What a week for the Gap branding!
The summary: A new logo was introduced on the Gap website on 10/6. A firestorm swept through the design community blogs like Brand New and spread into the general media. By Monday evening, 10/11, the new logo had been withdrawn and Gap executives were acknowledging their mis-reading of customer sentiment.
This being several days later, it is time for a sober assessment of the situation, what went wrong and what went right.
First, kudos to the executives at Gap for having an early warning system with a very sensitive radar. They caught wind of the online comments within hours.
Second, senior Gap executives responded in the appropriate forums and quickly and in the name of senior executives. Marka Hansen was front and center with her response on the Huffington Post. She also responded quickly to journalists blogging online about the situation.
Third, Gap did not jump out with a legalistic defense. It was not a series of dense corporate-speak memo. They stayed in the voice of the brand, not in the voice of an attorney. They did not lash out at the critics.
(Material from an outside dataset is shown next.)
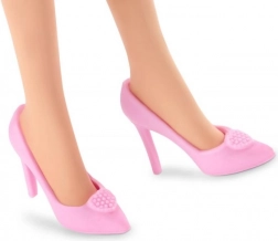 Pastelfarvede hæle med hjerter fuldender outfittet og fremhæver dukkens fashion-præg.

Fourth, Gap was willing to take actions in the face of the outcry. We can debate if it was the right action but they did respond and take concrete steps to address the situation in near record time.
Not to say that Gap’s handling of the situation was flawless. The initial Facebook response fanned the flames among the design community. By calling for everyone to submit their own ideas for the Gap logo – aka crowd sourcing – it hit an exposed nerve in the design world. Crowd sourcing has been blamed for many of the troubles in the design industry.
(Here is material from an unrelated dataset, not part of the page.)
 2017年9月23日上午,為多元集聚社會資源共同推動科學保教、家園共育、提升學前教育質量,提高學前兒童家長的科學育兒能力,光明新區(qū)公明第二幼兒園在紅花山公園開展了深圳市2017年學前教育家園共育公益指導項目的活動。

Could better or different market research have prevented this problem? I believe so. Tropicana’s brand misfire showed us the flaws in typical focus groups and market research. The Tropicana uproar came from the real world, from consumers who couldn’t find their beloved product anymore. In my house the first reaction to the new packaging was, “why don’t we get Tropicana anymore?”
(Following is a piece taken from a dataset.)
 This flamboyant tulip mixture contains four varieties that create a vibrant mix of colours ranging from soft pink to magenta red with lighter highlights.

It would mean a whole new approach to market research to anticipate the Gap uproar — because the Gap uproar happened among a community that is not representative of core Gap consumers. After all, who would expect Gap to test their logo among the design community? And the design community is notorious for having strong opinions that don’t really influence anyone. Blogs have amplified the opinions of designers but haven’t really made them any more influential in almost all situations — except for this.
So, does this now mean open season on all new rebranding programs? Or was it an outlier, a black swan?
I believe this is part of the new normal. Every CMO from this point forward will be thinking of Gap and Tropicana as they consider their rebranding plans.
The risks of rebranding have just gotten higher. The old way of marketing is leading to new troubles.
Branding needs to more flexible than ever before.
I believe that the Gap situation is one more reason why marketing needs to be reinvented for the reality of today’s digital world. The traditional methods of branding, the traditional tools of market research — they have lost their effectiveness and need to be replaced.